I. Le zero-click, ou l’art de ne rien demander
Pendant des années, le modèle d’infection mobile reposait sur un principe simple : tromper l’utilisateur.
- Un lien cliqué.
- Une pièce jointe ouverte.
- Une autorisation accordée par erreur.
Le phishing, le smishing, le spear-phishing — tout reposait sur une erreur humaine. Une seconde d’inattention, un doigt trop rapide, et le compromis était installé.
Le zero-click change tout.
Il supprime l’humain de l’équation. Plus besoin de tromper. Plus besoin de convaincre. Il suffit d’exploiter une faille dans le protocole de communication — ici, le RTC (Real-Time Communication) de WhatsApp — et le payload se dépose silencieusement.

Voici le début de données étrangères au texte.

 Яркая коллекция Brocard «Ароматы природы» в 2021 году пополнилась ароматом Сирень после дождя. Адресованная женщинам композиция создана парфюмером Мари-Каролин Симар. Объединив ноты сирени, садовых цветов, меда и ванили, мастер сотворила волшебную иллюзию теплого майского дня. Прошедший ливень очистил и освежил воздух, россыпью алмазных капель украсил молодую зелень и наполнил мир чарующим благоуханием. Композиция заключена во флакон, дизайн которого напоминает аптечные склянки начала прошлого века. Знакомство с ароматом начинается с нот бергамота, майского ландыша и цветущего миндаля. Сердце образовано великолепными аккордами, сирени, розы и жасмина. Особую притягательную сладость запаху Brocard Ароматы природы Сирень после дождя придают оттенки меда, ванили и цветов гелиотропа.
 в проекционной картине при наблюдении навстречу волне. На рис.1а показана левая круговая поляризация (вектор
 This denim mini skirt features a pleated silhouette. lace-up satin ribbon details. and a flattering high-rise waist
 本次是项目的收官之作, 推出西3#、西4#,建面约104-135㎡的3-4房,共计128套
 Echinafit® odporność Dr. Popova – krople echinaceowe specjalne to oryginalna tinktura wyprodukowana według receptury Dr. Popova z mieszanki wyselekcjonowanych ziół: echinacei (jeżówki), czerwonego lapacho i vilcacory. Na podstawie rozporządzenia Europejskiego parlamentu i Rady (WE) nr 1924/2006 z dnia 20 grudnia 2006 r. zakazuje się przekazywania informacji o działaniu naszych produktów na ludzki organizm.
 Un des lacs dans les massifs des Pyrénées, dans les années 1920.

L’appel WhatsApp manqué de mai 2019 ne demandait rien. Il ne contenait aucun message piégé. Il exploitait simplement un buffer overflow dans le code de gestion des paquets VoIP d’WhatsApp.

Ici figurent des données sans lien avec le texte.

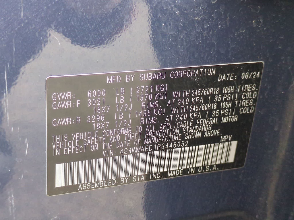 CARFAX One-Owner. Clean CARFAX. Certified. Cosmic Blue 2024 Subaru Ascent Premium AWD Lineartronic CVT 2.4L 4-Cylinder DOHC 16V Subaru Certified Pre-Owned Certified, 3rd row seats: bench, 4-Wheel Disc Brakes, 6 Speakers, ABS brakes, Air Conditioning, Alloy wheels, AM/FM radio: SiriusXM, Auto High-beam Headlights, Auto-Dimming Rear View Compass Mirror w/HomeLink, Automatic temperature control, Axle Ratio: 4.44, Brake assist, Bumpers: body-color, Convenience Package, Delay-off headlights, Driver door bin, Driver vanity mirror, Dual front impact airbags, Dual front side impact airbags, Electronic Stability Control, Emergency communication system: STARLINK Safety and Security (Subscription Required), Exterior Parking Camera Rear, Four wheel independent suspension, Front anti-roll bar, Front Bucket Seats, Front Center Armrest, Front dual zone A/C, Front reading lights, Fully automatic headlights, Heated door mirrors, Heated Front Bucket Seats, Heated front seats, Illuminated entry, Keyless Access w/Push-Button Start, Knee airbag, Leather Shift Knob, Leather steering wheel, Low tire pressure warning, Occupant sensing airbag, Outside temperature display, Overhead airbag, Overhead console, Panic alarm, Passenger door bin, Passenger vanity mirror, Power door mirrors, Power driver seat, Power Rear Gate w/Automatic Close & Height Memory, Power steering, Power windows, Radio data system, Radio: Subaru STARLINK 11.6 Multimedia Plus System, Rear air conditioning, Rear anti-roll bar, Rear reading lights, Rear window defroster, Rear window wiper, Reclining 3rd row seat, Remote keyless entry, Reverse Automatic Braking (RAB) System, Security system, Speed control, Speed-sensing steering, Spill Resistant Coated Cloth Upholstery, Split folding rear seat, Spoiler, STARLINK/Apple CarPlay/Android Auto, Steering wheel mounted audio controls, Tachometer, Telescoping steering wheel, Tilt steering wheel, Traction control, Trip computer, Turn signal indicator mirrors, Variably intermittent wipers, Wheels: 18 x 7.5 J Gray Alloy w/Machine Finish.

“Vous ne devez cliquer sur rien. Vous ne devez rien ouvrir. Vous ne devez même pas répondre. Il suffit que votre téléphone sonne.”
C’est ce qui rendait CVE-2019-3568 si terrifiante. L’attaque ne reposait pas sur la crédulité. Elle reposait sur la confiance architecturale — la certitude qu’un appel entrant ne peut pas exécuter du code arbitraire.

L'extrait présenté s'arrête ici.